-- Data section follows --

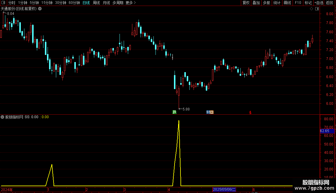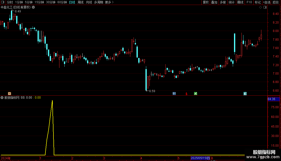 (REF(SS,2)<REF(SS,1)AND SS>REF(SS,1))*SS,COLORYELLOW,LINETHICK2;
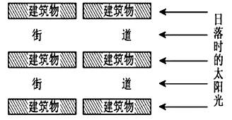 4、单选题 每年的5月30日前后,日落时的金色阳光洒满美国纽约曼哈顿(40°N,74°W)的所有某走向的街道,呈现一幅壮观的景象,即“曼哈顿悬日”现象。下图表示此时阳光与街道的位置关系。据此回答下列各题。
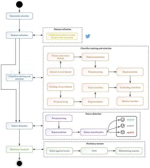 In order to extract and analyze the hesitant tweets related to COVID-19 vaccination, a series of steps are needed, as presented in Figure 1 and discussed in the following.
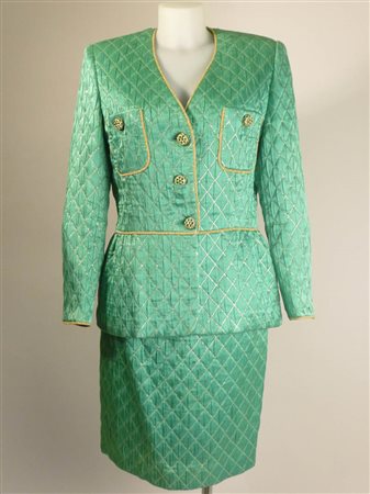 TAILLEUR IN SETA MATELASSÈ VERDE - GREEN SILK MATELLASÈ TAILLEUR Escada corpino avvitato, bottoni gioiello, tasche e balza sulla giacca, gonna dritta tg 40

-- Data section concluded --

> _Problem_: Copy exactly the part of the material above that opens with the line containing "4、单选题 每年的5月30日" and closes with the line containing "In order to", ends included. Drop the images.

> _Exercise output_:
 4、单选题 每年的5月30日前后,日落时的金色阳光洒满美国纽约曼哈顿(40°N,74°W)的所有某走向的街道,呈现一幅壮观的景象,即“曼哈顿悬日”现象。下图表示此时阳光与街道的位置关系。据此回答下列各题。
 In order to extract and analyze the hesitant tweets related to COVID-19 vaccination, a series of steps are needed, as presented in Figure 1 and discussed in the following.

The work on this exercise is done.